The base game features the key U-boat types (II, VII, IX, XXI) and LAN co-op, while a devoted community keeps it fresh with standout mods like GWX and Living Silent Hunter (plus widescreen and stability fixes many players use), which is a big reason it still carries Very Positive reviews on Steam. It’s tense, methodical, and wonderfully atmospheric, more like Das Boot than an arcade shooter, and that enduring mix of patience and payoff is exactly why it’s still worth playing on PC in 2025.
FAQ: Best Submarine Games to Play on PC in 2025
Which of the best submarine games on PC in 2025 support co-op or multiplayer?
Barotrauma supports co-op with up to 16 players (with defined roles and talent trees). From the Depths offers online PvP and co-op, plus campaign/missions. World of Warships is a free-to-play 12-v-12 MMO with submarines in the roster. Silent Hunter III also includes LAN co-op.

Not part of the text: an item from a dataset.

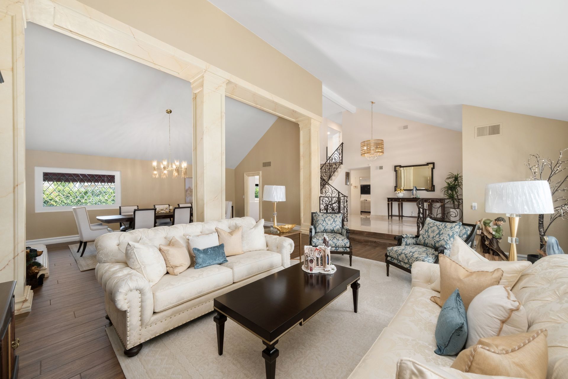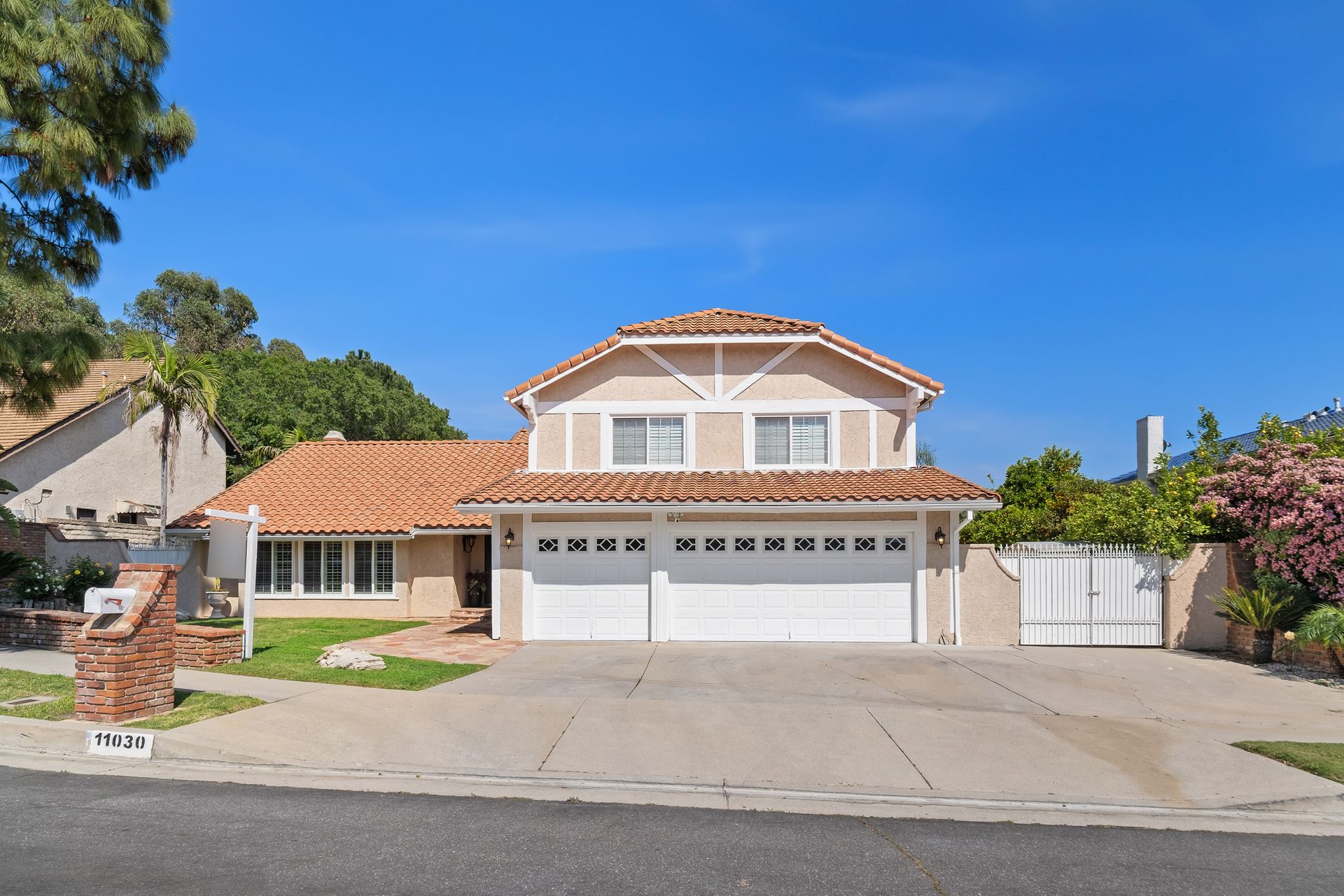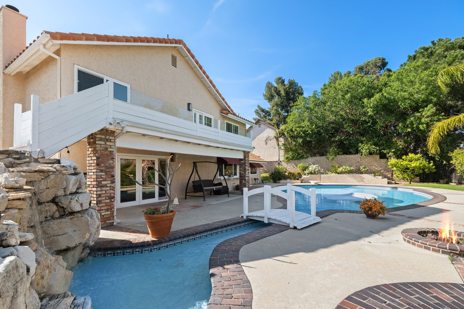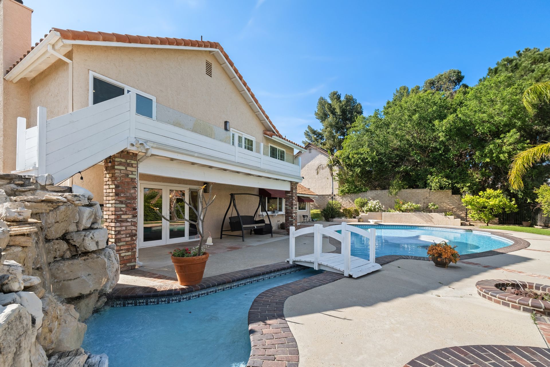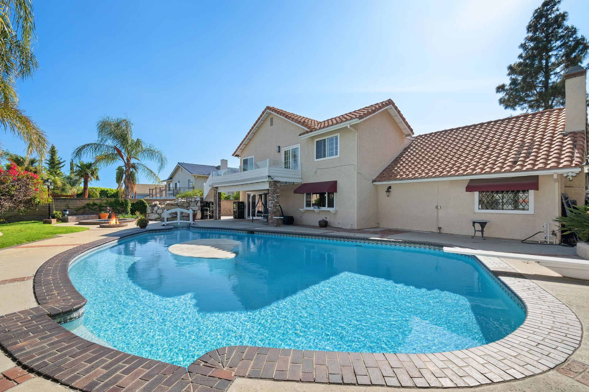 Enter through the elegant double-door entry and be greeted by a striking wrought iron staircase and an excellent floor plan featuring three spacious living areas: living room, formal dining room, and a bright family room with marble-topped wet bar, and a wine cooler. French doors lead you to the private entertainer’s backyard with a pool, spa, and fire pit.

Which best submarine games on PC lean most into realism?
UBOAT models trim, ballast, batteries, oxygen, morale, and even Earth’s curvature—while remaining approachable. Silent Hunter III features adjustable realism, manual TDC, and a dynamic campaign. Cold Waters focuses on Cold War command with a realistic sonar model and authentic ASW tactics.

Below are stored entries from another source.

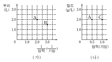 을, (나)는 A, C의 밀도와 압력을 나타낸 것이다.
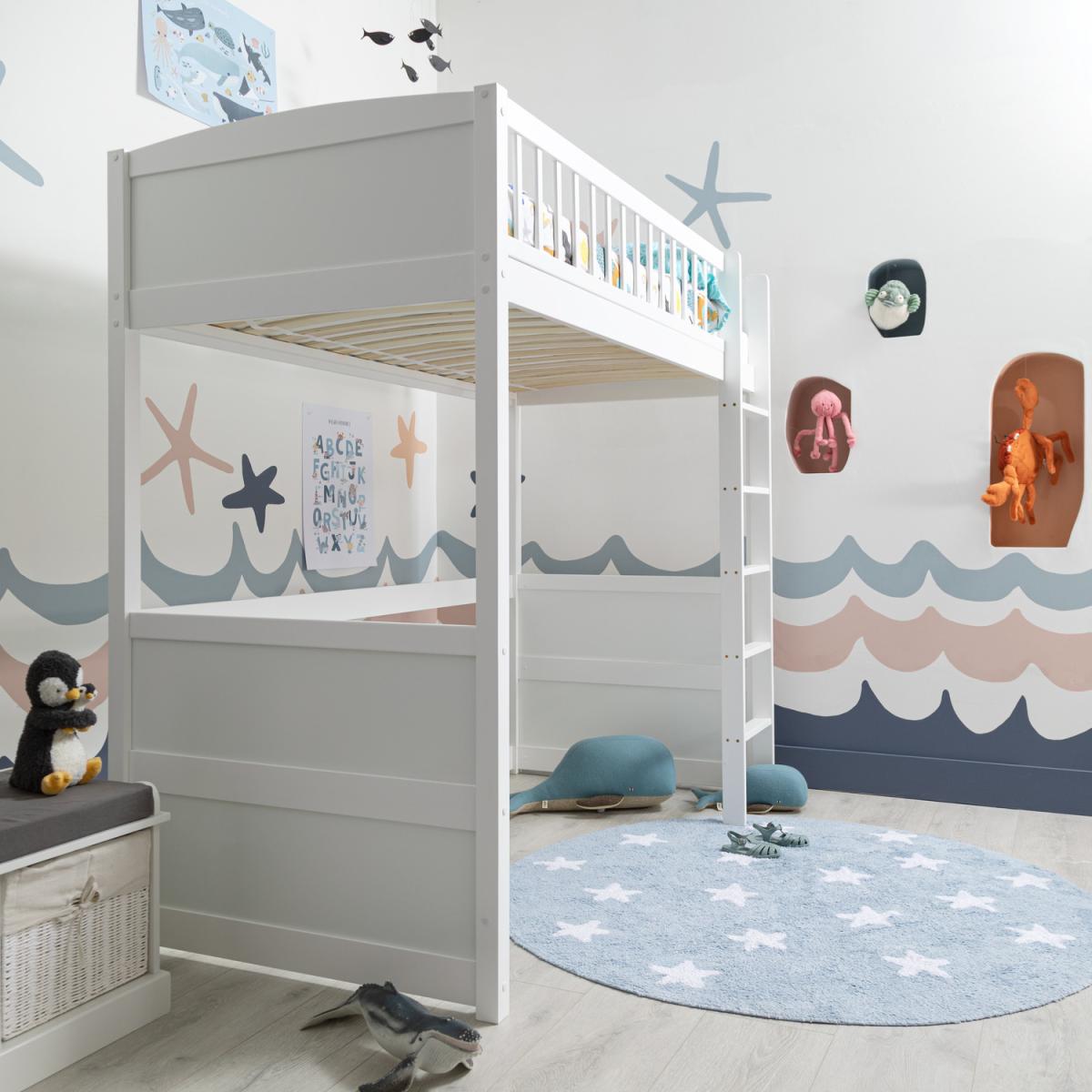 I’m a fan of the Lottie highsleeper in white because its clean lines and neutral hue make it a versatile choice for everything from Scandi-inspired rooms to contemporary minimal schemes. The raised bed frees up valuable floor space below - ideal for a cosy reading corner, a small desk or toy storage baskets - and the sturdy ladder and rails give it a grown-up feel while keeping safety front of mind. For styling, pair it with soft pastels or muted greys on the walls and add layered rugs to define the play or study zone underneath. A clip-on lamp and a few floating shelves will provide practical lighting and display space without overcrowding, while a couple of patterned cushions and a textured throw help to soften the overall look.
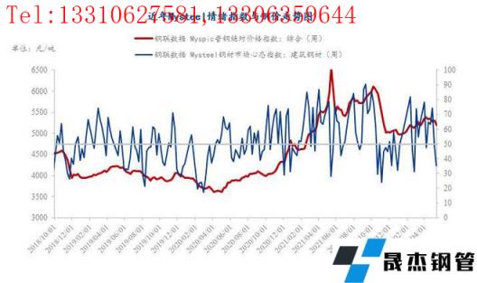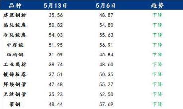 具體各品種指數(shù)來(lái)看,5月13日建筑厚壁無(wú)縫鋼管情緒指數(shù)為35.56,較5月6日回落13.31;熱軋板卷情緒指數(shù)為50.82,較5月6日回落3.98;冷軋板卷情緒指數(shù)為54.03,較5月6日回落1.6;中厚板情緒指數(shù)為51.95,較5月6日回落4.96;結(jié)構(gòu)鋼情緒指數(shù)為31.09,較5月6日回落14.75;工業(yè)線(xiàn)材情緒指數(shù)為38.74,較5月6日回落9.86;鍍鋅板卷情緒指數(shù)為37.51,較5月6日回落12.84;焊接厚壁鋼管情緒指數(shù)為47.48,較5月6日回落7.79;無(wú)縫厚壁鋼管情緒指數(shù)為35.23,較5月6日回落27.27;帶鋼情緒指數(shù)為48.44,較5月6日回落9.25。
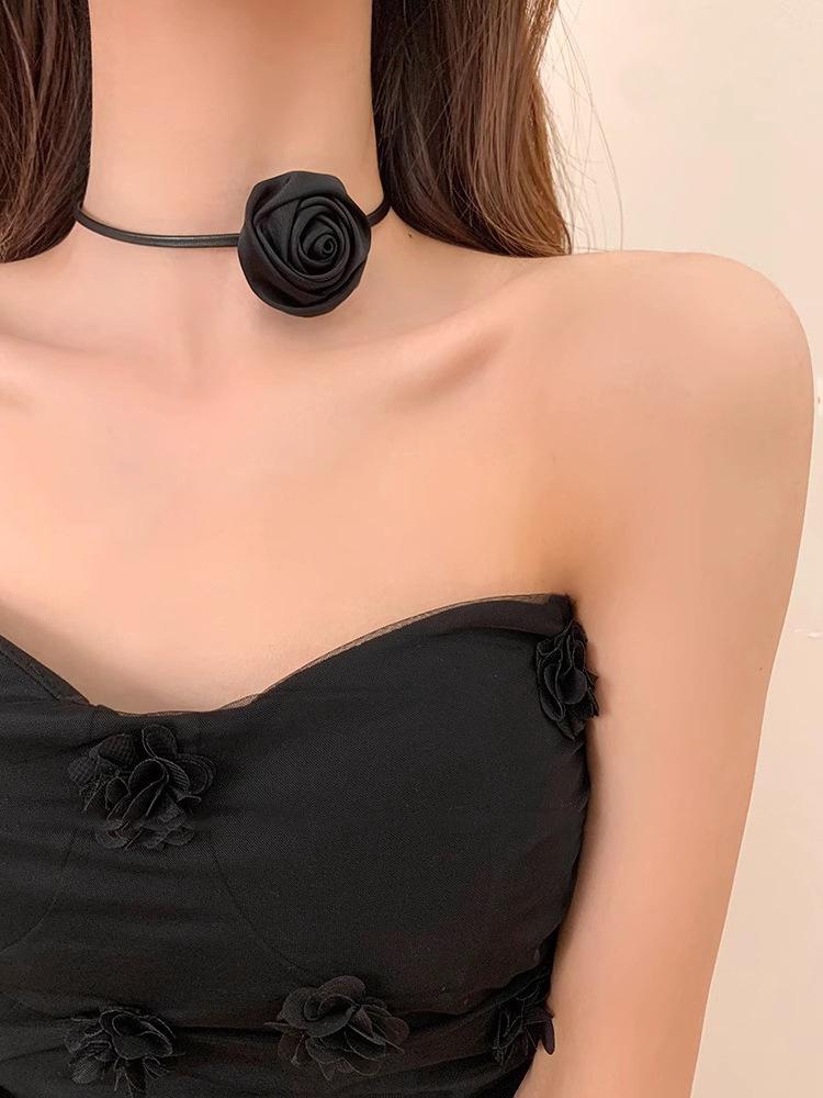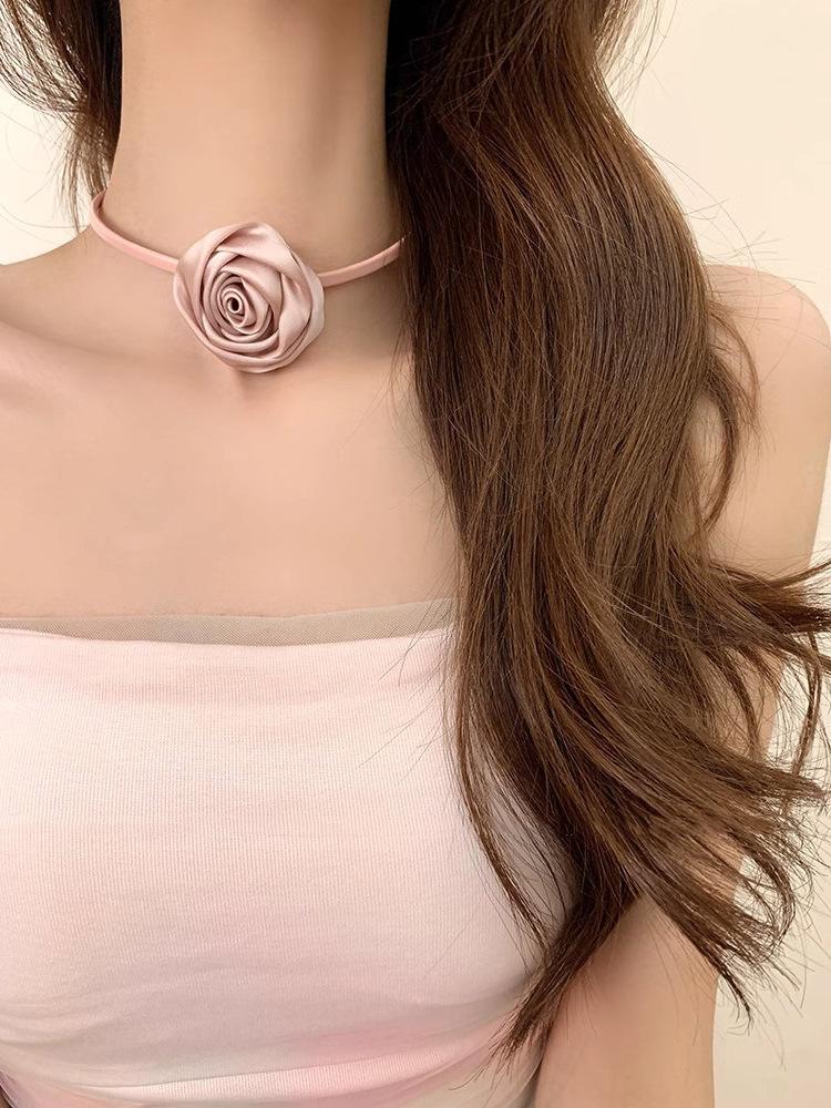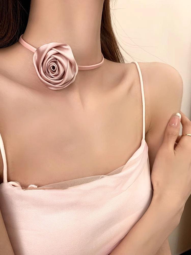 Collar de flores con cuello de rosa estilo Pure Desire para mujer, accesorio de cadena de clavícula de alta gama, cadena de cuello de flores de nicho de lujo ligero.

Is there a short submarine game I can finish quickly?
Yes—Iron Lung is designed as a tight, dread-driven experience intended to be finished in under an hour.

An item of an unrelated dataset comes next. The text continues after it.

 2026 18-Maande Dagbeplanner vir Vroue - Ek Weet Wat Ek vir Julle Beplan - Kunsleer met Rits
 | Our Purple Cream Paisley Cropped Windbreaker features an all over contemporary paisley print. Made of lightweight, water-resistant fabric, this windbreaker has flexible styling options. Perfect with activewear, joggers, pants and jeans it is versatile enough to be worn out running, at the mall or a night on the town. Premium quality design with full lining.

What are the best submarine games on PC for playing solo?
Subnautica is single-player survival with base-building and submersibles. Iron Lung is a single-player, claustrophobic navigation puzzle. Barotrauma can be played solo with bots, though it shines in co-op.
Do any of the best submarine games on PC have mod or Workshop support?
Yes. UBOAT, Barotrauma, and From the Depths have Steam Workshop support (with in-game editors for Barotrauma and extensive building tools in From the Depths). Cold Waters has an active mod scene (e.g., Dot Mod). Silent Hunter III is well-known for major community mods like GWX and Living Silent Hunter.
Are there free-to-play options among the best submarine games on PC in 2025?
World of Warships is free-to-play, with submarines available alongside destroyers, cruisers, battleships, and carriers.
Which settings do these best submarine games on PC cover?
WWII: UBOAT, Silent Hunter III.
Cold War/modern: Cold Waters.
Sci-fi/otherworldly: Barotrauma (Europa), Iron Lung (alien moon), Subnautica (alien ocean world).
Sandbox builder with submarines included: From the Depths.
I’m new—what helps me learn in these best submarine games on PC?
Silent Hunter III includes a Naval Academy tutorial. UBOAT lets officers automate routine tasks, keeping the sim approachable. Barotrauma’s defined roles guide teamwork, and Subnautica eases you in with early-game crafting and gradual depth progression.
Which games on this best submarine games on PC list are still getting love in 2025?
The article notes recent updates and very positive sentiment for UBOAT, an active community and updates for From the Depths, Overwhelmingly Positive recent reviews for Barotrauma, and ongoing patches for Subnautica.